This function returns a pandas DataFrame, where each row contains data about a cohort, and the columns provide the different statistic values and their confidence intervals. Let’s take a look at all the available columns:

df_stats_tz_admin2_year.columns
Index(['cohort', 'theta_pi', 'theta_pi_estimate', 'theta_pi_bias',
       'theta_pi_std_err', 'theta_pi_ci_err', 'theta_pi_ci_low',
       'theta_pi_ci_upp', 'theta_w', 'theta_w_estimate', 'theta_w_bias',
       'theta_w_std_err', 'theta_w_ci_err', 'theta_w_ci_low', 'theta_w_ci_upp',
       'tajima_d', 'tajima_d_estimate', 'tajima_d_bias', 'tajima_d_std_err',
       'tajima_d_ci_err', 'tajima_d_ci_low', 'tajima_d_ci_upp', 'taxon',
       'year', 'month', 'country', 'admin1_iso', 'admin1_name', 'admin2_name',
       'longitude', 'latitude'],
      dtype='object')

A simple way to visualise these statistics and compare cohorts is to make a bar plot. Let’s do this for nucleotide diversity using plotly express.

px.bar(
    data_frame=df_stats_tz_admin2_year,
    x="cohort",
    y="theta_pi_estimate",
    error_y="theta_pi_ci_err",
    color="taxon",
    height=450,
    width=500,
)

Above we chose to colour the bars by taxon, which helps to see some of the patterns in the data. For example, we have three An. arabiensis cohorts, all of which have nearly identical nucleotide diversity. We also have two An. gambiae cohorts, both of which have higher nucleotide diversity. There is also a significant difference between the two An. gambiae cohorts from the east and west of the country.
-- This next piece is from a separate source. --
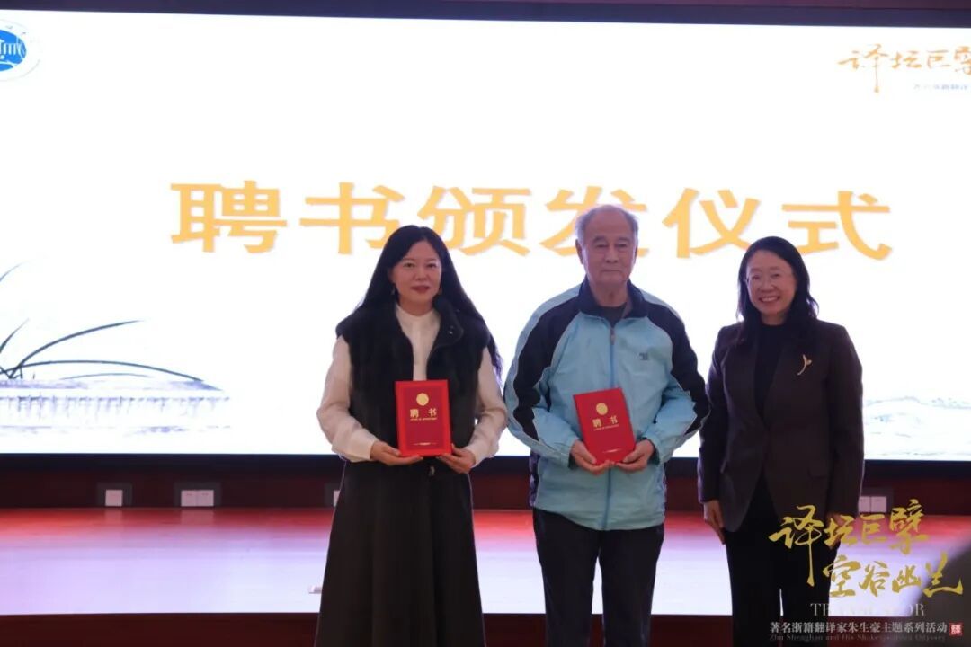 随后,现场举行了隆重的聘书颁发仪式,由英文学院院长邢富坤主持。柴改英分别为朱尚刚和朱小琳颁发聘书,正式聘请朱尚刚担任翻译与国际传播研究所荣誉研究员,聘请朱小琳担任翻译与国际传播研究所特聘研究员。

Finally, we have one cohort representing the putative cryptic taxon which we have provisionally labelled gcx3 (see workshop 4, module 4).

We also would like to make similar plots to visualise Watterson’s estimator and Tajima’s D. Because we’ll want to make these plots often, let’s define a simple function to make all the plots we need.

def plot_diversity_stats(
    df_stats, 
    color=None, 
    height=450, 
    template="plotly_white"
):

    # set up common plotting parameters
    hover_name = "cohort"
    hover_data = [
        "taxon",
        "country",
        "admin1_iso",
        "admin1_name",
        "admin2_name",
        "year",
        "month",
    ]
    labels = {
        'theta_pi_estimate': r'$\widehat{\theta}_{\pi}$',
        'theta_w_estimate': r'$\widehat{\theta}_{w}$',
        'tajima_d_estimate': r'$D$',
        'cohort': "Cohort",
        'taxon': 'Taxon',
        'country': "Country",
    }
    category_orders = {
        "taxon": ["arabiensis", "gambiae", "gcx3", "coluzzii", "gcx1", "gcx2"],
    }
    width = 300 + 30 * len(df_stats)

    # nucleotide diversity bar plot
    fig = px.bar(
        data_frame=df_stats,
        x="cohort",
        y="theta_pi_estimate",
        error_y="theta_pi_ci_err",
        title="Nucleotide diversity",
        color=color,
        height=height,
        width=width,
        hover_name=hover_name,
        hover_data=hover_data,
        labels=labels,
        template=template,
        category_orders=category_orders,
    )
    fig.show()

    # watterson estimator bar plot
    fig = px.bar(
        data_frame=df_stats,
        x="cohort",
        y="theta_w_estimate",
        error_y="theta_w_ci_err",
        title="Watterson estimator",
        color=color,
        height=height,
        width=width,
        hover_name=hover_name,
        hover_data=hover_data,
        labels=labels,
        template=template,
        category_orders=category_orders,
    )
    fig.show()

    # tajima's d bar plot
    fig = px.bar(
        data_frame=df_stats,
        x="cohort",
        y="tajima_d_estimate",
        error_y="tajima_d_ci_err",
        title="Tajima's D",
        color=color,
        height=height,
        width=width,
        hover_name=hover_name,
        hover_data=hover_data,
        labels=labels,
        template=template,
        category_orders=category_orders,
    )
    fig.show()

    # scatter plot comparing diversity estimators
    fig = px.scatter(
        data_frame=df_stats,
        x="theta_pi_estimate",
        y="theta_w_estimate",
        error_x="theta_pi_ci_err",
        error_y="theta_w_ci_err",
        title="Diversity estimators",
        color=color,
        width=500,
        height=500,
        hover_name=hover_name,
        hover_data=hover_data,
        labels=labels,
        template=template,
        category_orders=category_orders,
    )
    fig.show()

Let’s now make these plots for our Tanzanian cohorts.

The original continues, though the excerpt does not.